I shifted my agenda today. Broadened it to focus on engaging unapolagetically with the people and geography of the hill. I feel myself coming to know this little slice of the market, its pimps, business men, tourists, druggies, flower carriers, workers taking a smoke break, drinkers up at the Virginia Inn. Each group has their own energy and potential, but I feel too clumsy to fully milk those potentials. As I get to know the space better I come to see and feel its ebb and flow. It moves in waves of excitement and activity, one lift after the next for a buzzing cycle, and then dead and grey and seemingly over for good until the next rush of circumstance brings a sense of life to the place. It was the same way driving a cab. Some combination of my timing, and my shifting confidence and perception created an image of the city breathing in and out, filling up with energy and emptying out of it in bursts of varying length. When I think about it, improvisational dance is often the same; bursts of intensity and spans of reflection or even boredom as we follow our naural patterns of being.
Back to the lift I think of the highlights.
An awkward time sitting next to an old man on the driftwood bench half way up, unsure how to tap into the rich well of his experience. He shuffled off.

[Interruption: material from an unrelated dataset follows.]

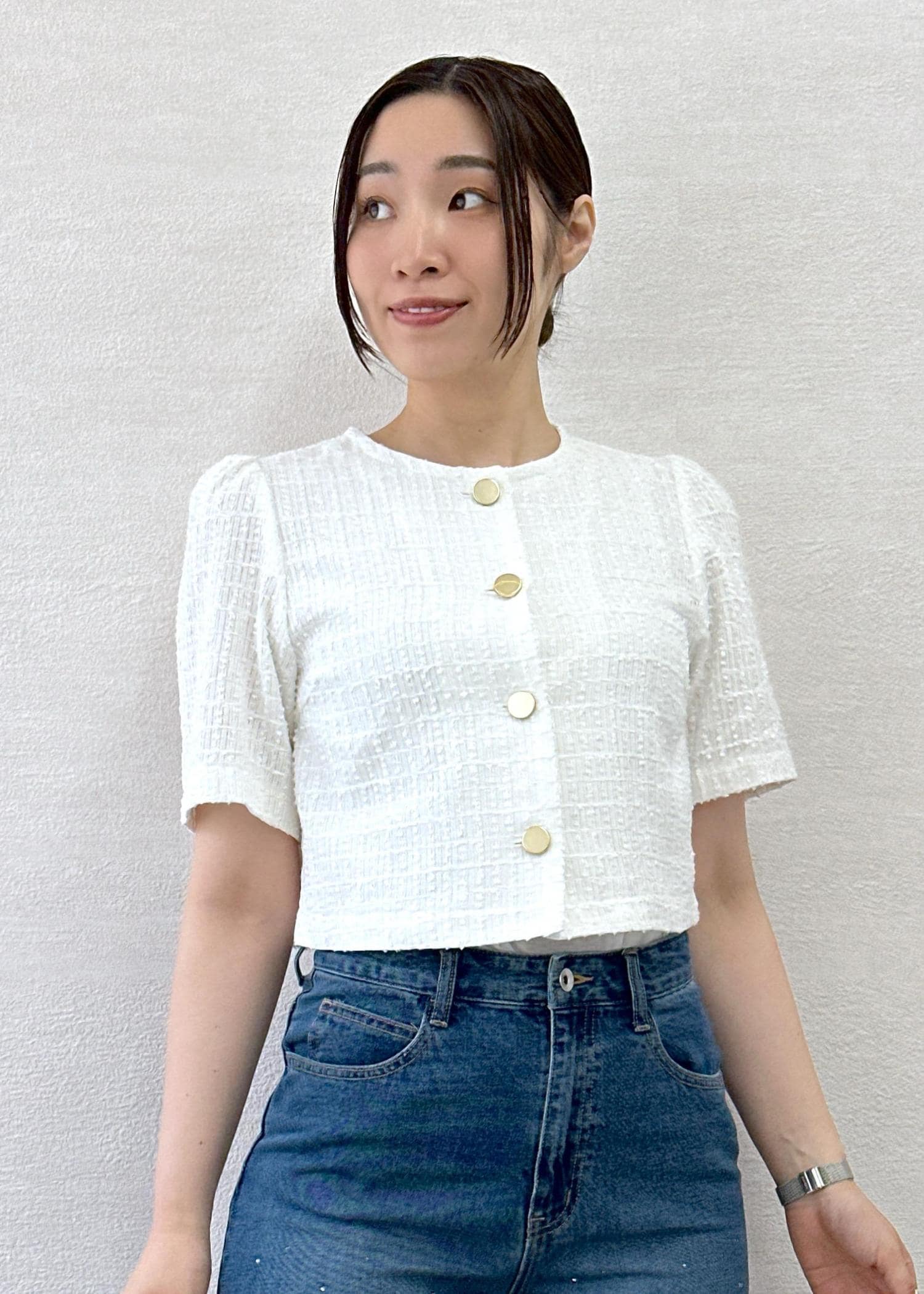 トレンドの短丈ジャケットでスタイルアップが叶います。

Dancing after pushing the exuberant large man up at a run. Translating the movement of his flesh across his back into luscious gyrations as I leaped and skittered my way back down, slashing my right arm with a feather I had found in its cuff.

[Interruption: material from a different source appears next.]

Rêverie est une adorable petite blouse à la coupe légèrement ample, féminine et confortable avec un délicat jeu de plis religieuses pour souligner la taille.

Looking up the hill to see KT dancing, sad and poignant to my eyes, conveying a shared experience of struggle and half found release.
Helping a man with his cart even though at first he doesn't want help, I notice a scrawled sentence tucked into the chaos. It reads "He's at his limit." It touches me poignantly as coincidence often will do. An openness to the universe might be another way to call it, but how can I can convince people that it is worthwhile to have such an openess.
Watching what I assume to be a pimp and a prostitute arguing. He gets real agressive when Adam the photographer joins me, but we don't back down. They move off just before some bike cops arrive. Adam says he gets stuff like that all the time because of his big camera
Pushing the girl who gave me her full weight up at the end. I could have stepped back and lifted her into the air. I had her stop and she continued to give me her weight as she looked up at the sky. I must admit, such trust is sexy.
The exuberant large man and his entourage appearing time and again, almost like a reoccuring theme in a drug trip, each occurence more surreal than the last.
I struggle to put these moments into a larger framework and feel like we are making a mark. At the same time I hold on to these as moments of gratification withing a very difficult project. Without the joy and craft of movement to buttress my doubts, the project seems naked and open to question. When people ask why we are doing this I wish they would stop and really discuss whether it is worth doing because I am not sure, but they move on pretty quickly and it is all I can do to get out a line about openness to strangers or trying to shift the way you experience going up a hill. Carrying on seems like the most important thing. Its what seperates a momentary idea from its experienced execution, even though the reality never turns out like you expected.